La segunda lectura es más ambiciosa. Sostiene que el despojo fue el núcleo agrario del conflicto y no su periferia: una contrarreforma armada de larga duración, financiada por el narcotráfico y ejecutada por estructuras paramilitares con complicidad institucional, que clausuró violentamente el ciclo redistributivo abierto en 1936 y reactualizó, con escrituras fraudulentas, la matriz decimonónica de disolución de tierras comunales. La coincidencia temporal entre la consolidación del Bloque Norte de las AUC y el pico de hectáreas perdidas entre 1998 y 2008, la correspondencia geográfica entre expansión de la palma de aceite y desplazamiento en Urabá, Bajo Atrato y Meta, el papel del INCORA en readjudicar predios de reforma agraria a testaferros paramilitares y el aumento sostenido del Gini durante décadas configuran una operación estructural.

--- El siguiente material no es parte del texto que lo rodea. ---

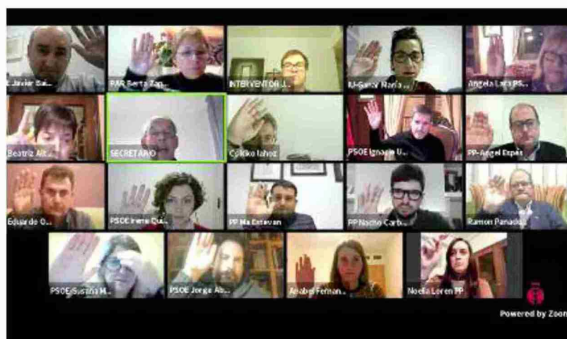
Votos a favor de la solicitud de la Uned
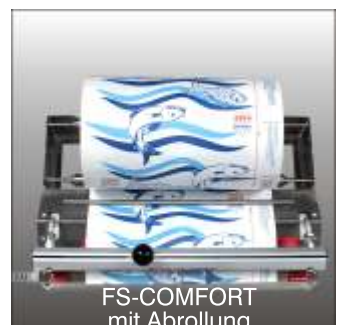
FS-COMFORT mit Abrollung

Technische Änderungen vorbehalten. Detaillierte technische Angaben finden Sie im Maschinen-Passport und Energie-Diagramm

Entre ambas hipótesis se abren lecturas intermedias. Una lee el despojo como fase de acumulación capitalista agroindustrial, donde el paramilitarismo fue instrumento y la ideología antisubversiva coartada. Otra lo lee como restauración oligárquica regional: élites ganaderas y hacendadas que nunca digirieron la Ley 200 de 1936 ni la 135 de 1961 y usaron el narco-paramilitarismo para recuperar tierras perdidas frente a la ANUC en los años setenta. Ninguna se excluye; todas se cruzan en el terreno concreto.

Antes de ir al despojo hay que fijar la línea de base. Colombia entró al siglo XX con una cuestión agraria heredada del XIX y nunca cerrada. La disolución de resguardos —solicitada, resistida, aplazada— arrastró una geografía desigual: los paeces del Cauca resistieron con protestas violentas, dilaciones legales y negociación; en Riohacha la ausencia de títulos hizo materialmente imposible la disolución; en Nariño, el resguardo de Anganoy fue extinguido apenas en 1948, agravando el minifundio. Paralelamente, la colonización antioqueña sacó del patrimonio estatal al menos tres millones de hectáreas de baldíos hacia el sur y sureste, produciendo un campesinado con propiedad pero también una frontera agrícola en tensión permanente con las haciendas.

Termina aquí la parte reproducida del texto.